DATA PROVIDED =
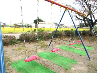 また、ブランコの下の地面には、用務員さんが砂を敷き、人工芝を設置しました。今までは、雨上がりにはいつも大きな水たまりができ、子どもたちはブランコに乗れませんでした。今は、この緑色の人工芝のおかげで水にぬれることなくブランコを楽しむことができます。
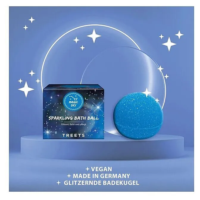 Die magische Badekugel "Magic Sky" zaubert unglaublich funkelndes Wasser in die Badewanne, leuchtendes blau mit schimmerndem Glitzereffekt. Die Badekugel entfaltet einen angenehm würzigen Duft. Sanft und pflegend zur Haut, Ohne Nanopartikel, Ohne Paraffine, Oh...
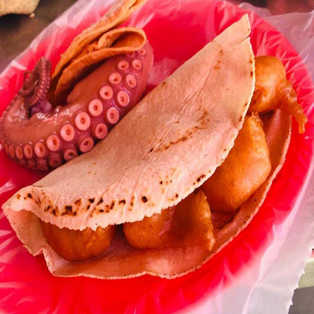 Tortilla de maiz recien hecha con pulpo capeado. sin complementos

TASK DIRECTIONS = Please retype the listing in full, exactly as given, and skip every image.

EXPECTED OUTPUT =
 また、ブランコの下の地面には、用務員さんが砂を敷き、人工芝を設置しました。今までは、雨上がりにはいつも大きな水たまりができ、子どもたちはブランコに乗れませんでした。今は、この緑色の人工芝のおかげで水にぬれることなくブランコを楽しむことができます。
 Die magische Badekugel "Magic Sky" zaubert unglaublich funkelndes Wasser in die Badewanne, leuchtendes blau mit schimmerndem Glitzereffekt. Die Badekugel entfaltet einen angenehm würzigen Duft. Sanft und pflegend zur Haut, Ohne Nanopartikel, Ohne Paraffine, Oh...
 Tortilla de maiz recien hecha con pulpo capeado. sin complementos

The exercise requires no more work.